First of all let us discuss the real image and virtual image. The real image is the image produced when rays of light meet at a specific point after the process of reflection or refraction is called a real image. In other ways virtual images are the images formed when rays of light appear to be met at a point is called a virtual image. This is possible when the diverging rays are made an extension and get to meet at a point. As we all know the real images are always inverted. And also virtual images are upright in nature.
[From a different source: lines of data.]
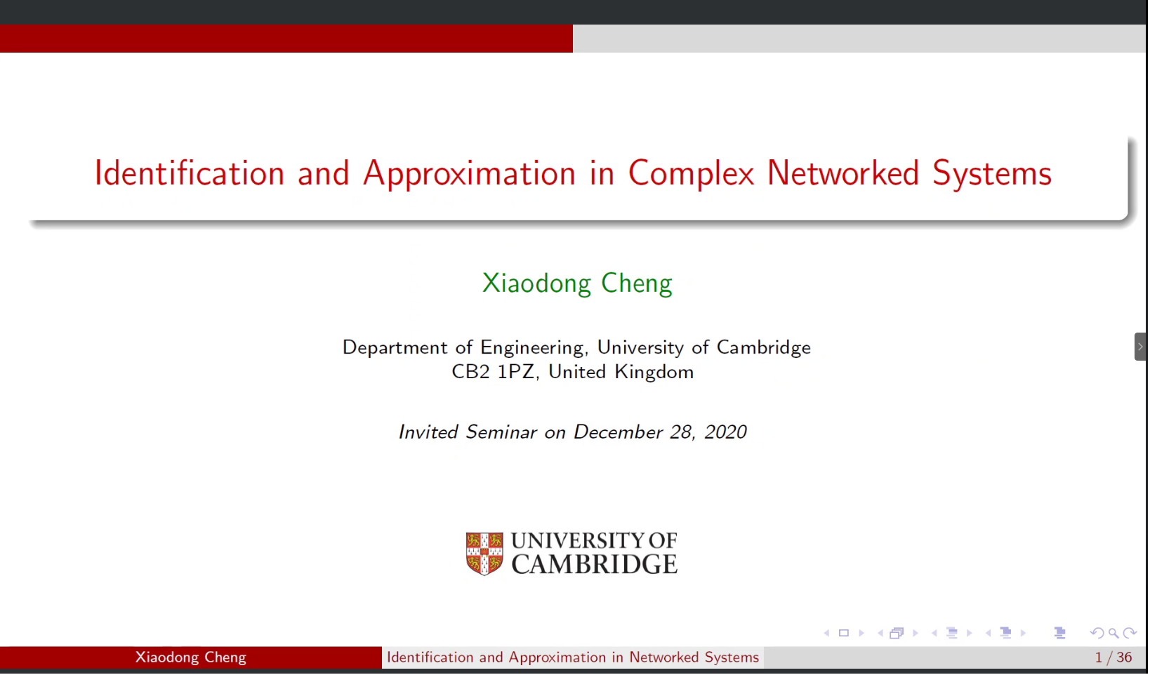 张堃副教授邀请,2020年12月28日晚上,英国剑桥大学Xiaodong Cheng博士举行了题为“Identification and Approximation in Complex Networked Systems”的在线学术报告。Xiaodong Cheng博士的报告分为了两个部分。第一部分介绍了网络化系统中的系统辨识问题,展示了这一方向上的最新成果。第二部分介绍了复杂网络化系统的模型降阶问题和方法,指出了未来发展方向和今后的思考。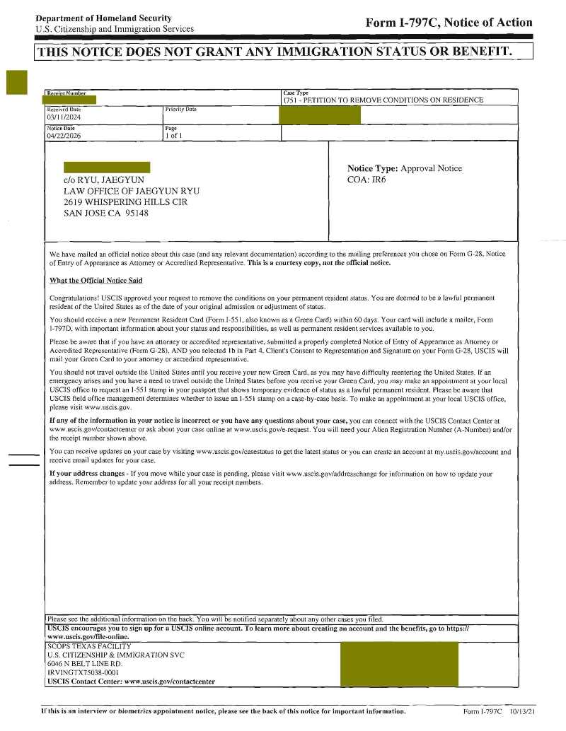 조건부 영주권 해지 승인 날짜: 2026년 4월 22일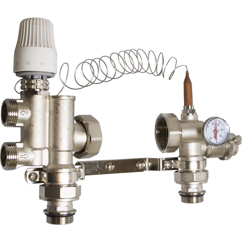 Монтируется на коллекторной группе низко-температурного контура, подключается к высокотемпературному контуру системы отопления.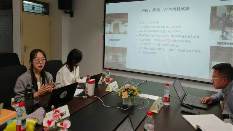 中山大学博士研究生段泽丽的发言题目是《虚实之间:“雨村”粉丝实践与耕读古村的地方重构》,她以闽西培田古村落为田野点,分析《盗墓笔记》小说粉丝群体通过自发识别与改造边缘空间、打造“雨村圣地”,重构官方主导的旅游空间的过程。研究认为,粉丝群体不仅是文化消费者,更是积极的地方意义生产者和空间改造者,其实践影响了实体空间和其他主体对于村庄的理解。大理大学副研究员缪芸、南京师范大学副教授黄旭作为与谈人。缪芸提出多主体权利相关的 “张力” 问题和关于 “粉丝” 问题的一系列疑问。黄旭对文章的理论化和一些关键概念的提炼给予建议。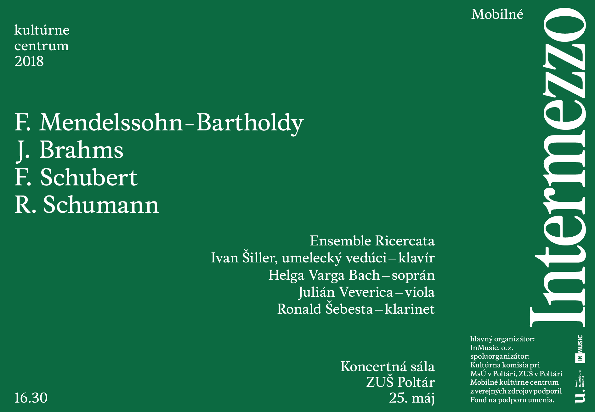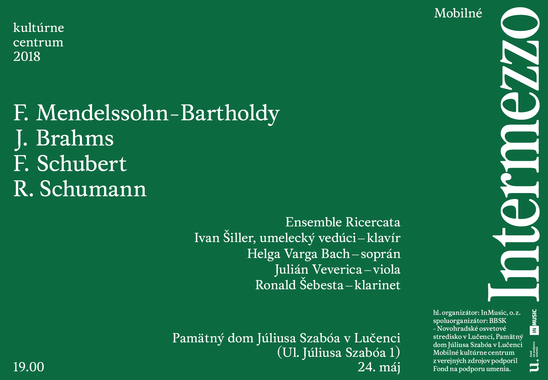 Devätnáste storočie bolo intermezzom – prechodom medzi „starým“ a „novým“ svetom. V tomto "intermezze" vznikli diela, ktoré odznejú na koncerte komornej hudby. Skladby pre soprán, violu, klarinet a klavír, ktoré sa nesú v romantickom duchu, potešia každého - znalca klasickej hudby, ale aj toho, ktorý ku klasickej hudbe práve len "pričuchne". Mobilné kultúrne centrum prináša komornú hudbu tentokrát do Lučenca.

In this question
The initial distance to the object is $u=-60cm$
Magnification is given by
$m=\dfrac{-f}{u-f}$
Magnification (m) = -1/2 (as both obj and image are real)
$-\dfrac{1}{2} = \dfrac{-f}{-60-f}$
From the above equation we will get,
$f=-20cm$
Let the final object distance be ${{u}^{1}}$ and magnification can be written as
$m=\dfrac{-f}{{{u}^{1}}-f}$
As the magnification is 2.
Then
$2=\dfrac{20}{{{u}^{1}}+20}$
Therefore the object distance will become,
${{u}^{1}}=10cm$

So, the correct answer is 10cm.

Note: A real image is defined as the collection of points of light rays which is coming from an object in which the rays are converging in nature. A virtual image is defined as the group of points of light rays which is coming from an object in which the rays are diverging in nature.